Source: KY Farm Bureau President Eddie Melton


"At the end of the day, we never want to depend on another country to feed us. Keeping our farms in business is not only a matter of food security but national security."


With the announcement of the Kentucky Farmland Transition Initiative (KFTI) last month, I have heard from many farm families and agriculture organizations across the state voicing their support of a sustainable path to ensure our farmland remains in agricultural production.


That is the goal of the KFTI, as we work together to make sure the farmland we have remains in production now and for future generations.



According to census data compiled over the last 20 years,

Kentucky lost 17,000 farms and 1.4 million acres of farmland.



In hearing from so many people, I am reassured that the timing is right to move forward with this initiative as we look to stop the losses of production farmland that we have seen through the data supplied by the last several Agriculture Censuses.


The most recent Census, conducted in 2022, has certainly been a factor in developing this plan and something Kentucky Farm Bureau will make a priority in the coming weeks and months.


We simply cannot afford to see those types of losses continue. Not only do we depend on our farms to produce the food, fuel, and fiber needs we have in this country and throughout the world, but the vitality of rural communities depends on those local farms and ag-related businesses.

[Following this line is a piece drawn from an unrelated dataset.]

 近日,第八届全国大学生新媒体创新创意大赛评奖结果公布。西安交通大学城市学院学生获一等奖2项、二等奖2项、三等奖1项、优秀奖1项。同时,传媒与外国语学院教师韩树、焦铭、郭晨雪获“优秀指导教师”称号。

KFB President Eddie Melton

As we move forward with KFTI we have three main objectives: increase awareness and understanding of the problem of farmland loss and encourage engagement in the issue; gather and provide technical assistance and localized resources to assist families who desire to keep farmland in production; and pursue state and federal policy development that will help keep production agriculture at the forefront of farmland transition and ease common burdens associated with that process.


In addition, advocacy will play a huge part in the success of KFTI. As has been the case throughout the history of KFB, our members have proven to be strong advocates related to countless issues. I have no doubt that they will continue to do so and will be an integral part of the success of this initiative.


We must be successful in all efforts made by our agriculture community to ensure we do not continue to lose precious farmland as we have seen over the past decades.


At the end of the day, we never want to depend on another country to feed us. Keeping our farms in business is not only a matter of food security but national security.


While that may sound somewhat alarming, we can no longer ignore the losses we are seeing in farmland as well as the difficulties new farmers are having in coming to or staying on the farm.


There are many steps to take as we move KFTI forward and it won’t be an overnight process. But as an organization, we intend to do all we can to keep declining numbers of farmland from continuing.


As farmers, as members of rural communities, and as consumers, it is a necessity. I feel certain we are moving on this initiative at the right time, with the right objectives, and absolutely for the right reasons.


If we work together as a collective ag industry, we will succeed. We must succeed. For the sake of our farm families, our rural communities, and all those who benefit from the food we grow, failure is not an option.